To witness spectacles of pain: The hypermorality of Georges Bataille
College Literature, Winter 1999 by Itzkowitz, Kenneth
To help emphasize just how offensive, there is a passage near the beginning of Death and Sensuality depicting the spectacle of primitive ritual human sacrifice, the communal production of a wasteful expenditure witnessed in common. Bataille uses the word "sacred" to describe the experience of the witnesses, underlining just how fundamental and revelatory to us he thinks such events were. Disturbing as it must be to us, he holds that the event of the spectacle of ritual sacrifice has power of conveying a profound meaning, This sacredness is the revelation of continuity through the death of a discontinuous being to those who watch it as a solemn rite. A violent death disrupts the creature's discontinuity; what remains, what the tense onlookers experience in the succeeding silence, is the continuity of all existence with which the victim is now one. Only a spectacular killing, carried out as the solemn and collective nature of religion dictates, has the power to reveal what normally escapes notice. (Bataille 1962, 16)
It is a disturbing thought that only a spectacular killing, that only events of this kind, can satisfy the human desire for the experience of sacred meaning. Along with a fear of our own immoral excess comes the question of whether hypermorality invites unleashing this destructive excess. Would Bataille like to see us unleashed, perhaps in the style of Charles Manson, to produce our own spectacles of ritual sacrifice?
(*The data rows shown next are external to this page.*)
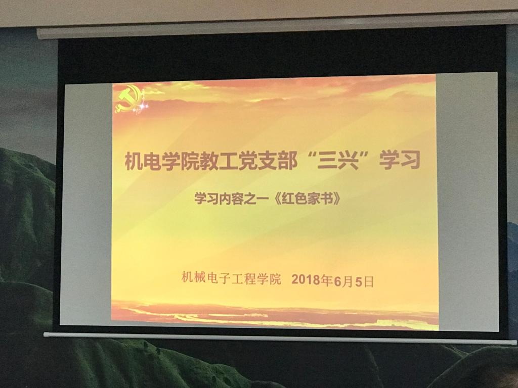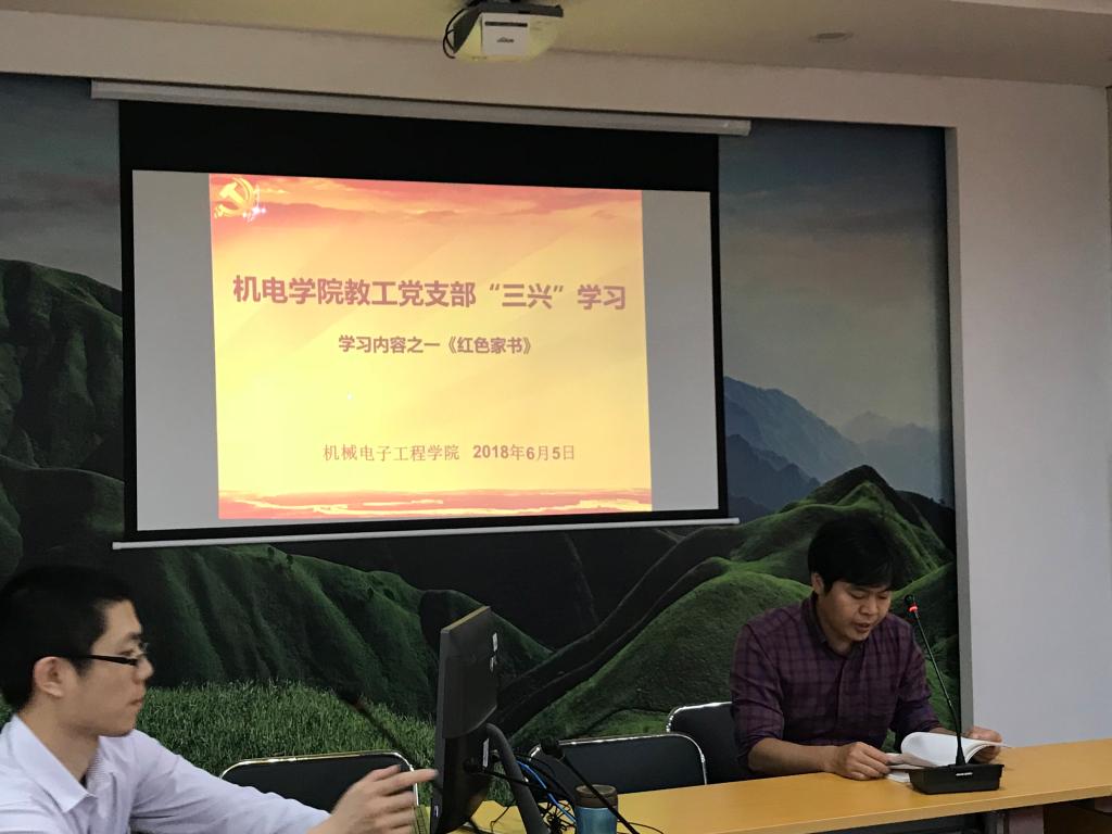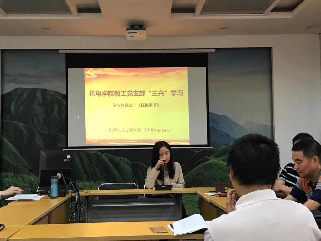 近日,省委书记、省长刘奇向全省党员干部推荐《红色家书》一书,要求全省党员干部“认真读一读红色家书”。机电公司教工党支部积极响应,结合公司“三兴”活动精神,于2018年6月5日下午在鼎新楼2201会议室开展红色家书诵读暨心得交流会,掀起红色家书学习讨论热潮。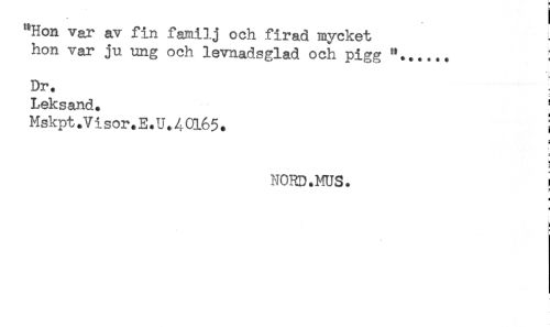//// "Hon var av fin familj och firad mycket //// hon var ju ung och levnadsglad och pigg "...... //// Dr. //// Leksand. ' //// Mskpt.Visor.E.U.40165. ! //// s //// NORD.MUS. ! //// & //// ) //// i ////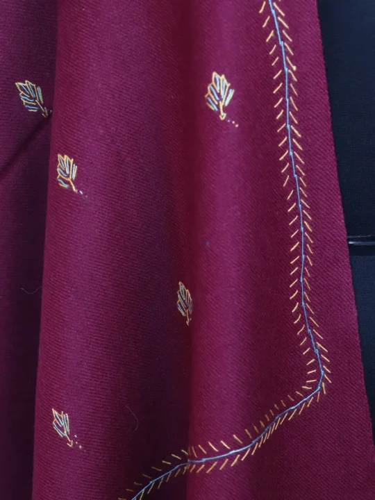 This is a hand sozni shawl made in cashmilon wool, it ool shows continuous border embroidery and floral corner motifs, it has been crafted for women who like refined texture.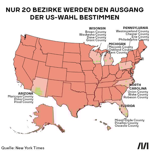 Weil bei Präsidentschaftswahlen in den USA nicht die Zahl der Wählerstimmen entscheidet, sondern grob gesagt die Größe der gewonnenen Bundesstaaten, werden die Wahlen dort entschieden, wo WechselwählerInnen den Unterschied machen. 6 der 50 Bundesstaaten sind deshalb besonders hart umkämpft. Und selbst diese Bundesstaaten werden laut Analyse der New York Times noch dazu in nur wenigen Bezirken entschieden. Nur 20 von über 3.000 Bezirken im ganzen Land können so gesehen den Unterschied machen. Donald Trump bekam wegen dieser Eigenheit des Wahlsystems 2016 zwar insgesamt fast 3 Millionen Stimmen weniger als Hillary Clinton, er hat einige dieser Bezirke aber sehr knapp gewonnen. Joe Biden sollte zumindest diese Bezirke gedreht haben, um demnächst Präsident zu sein.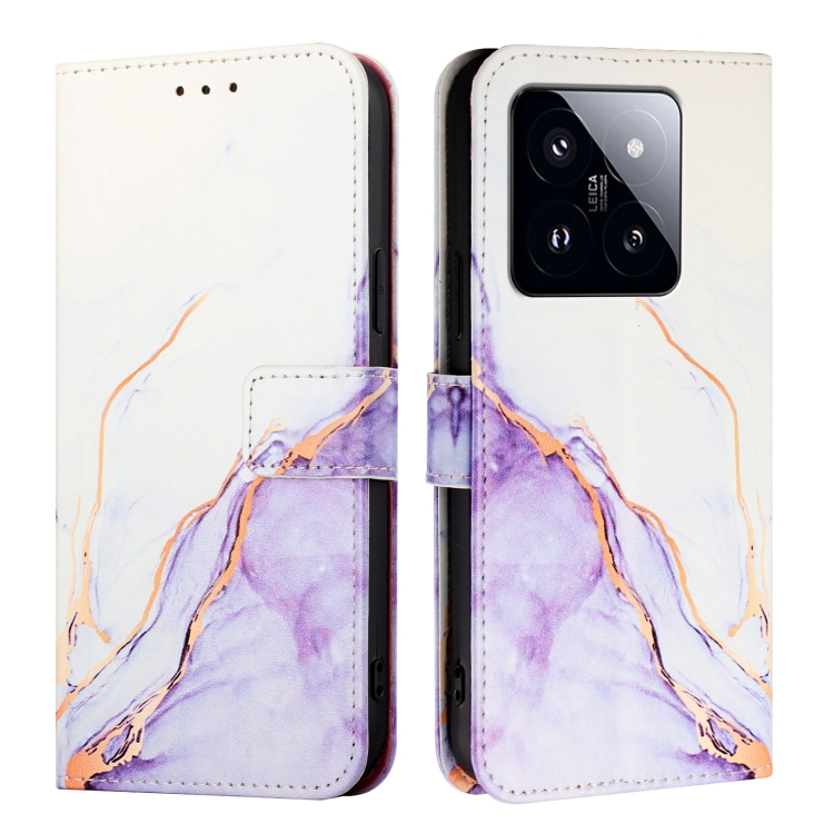 Para Xiaomi 14 Pro Pt003 Funda De Teléfono De Cuero Con Tapa Con Patrón De Mármol (Blanco Púrpura)

Certainly Bataille describes irrational violence as having an undeniable meaning, one that is revelatory of the sacred continuity alluded to in the previous citation. Soon after that citation he similarly asserts that we seek "the power to look death in the face and to perceive in death the pathway into unknowable and incomprehensible continuity" (1962, 18). Where do we find this power? We find it in transformative experiences akin to the sacrifice described above.
In other words, to acquire the power to know the unknowable, the production of transformative violence is the key. In the name of this power, the production of violence is not an accident but a goal. This production is the key to the transformative experiences that give our lives a sense of intensity, depth, and meaning. Hence, we always have ample motive to seek such experiences, to seek to bear witness to transformative violence. Given such ample motive, violence and spectacles of such violence will be produced. Moreover, no morality will ever be able to put an end to these productions. No morality has the power to stop the persistence of the sacred violence in our lives, since this violence is the only key we have to the experience of the miraculous, of the sacred.
As for Charles Manson, Bataille would certainly try to understand Manson's and our own violence in this context of the sacred, of our need for depth and meaning. The production of transformative violence is fundamental to our being, whether we are conscious of it in this way or not. He, then, would not regard Manson's production as an anomaly, as unlike what he himself would be driven to produce.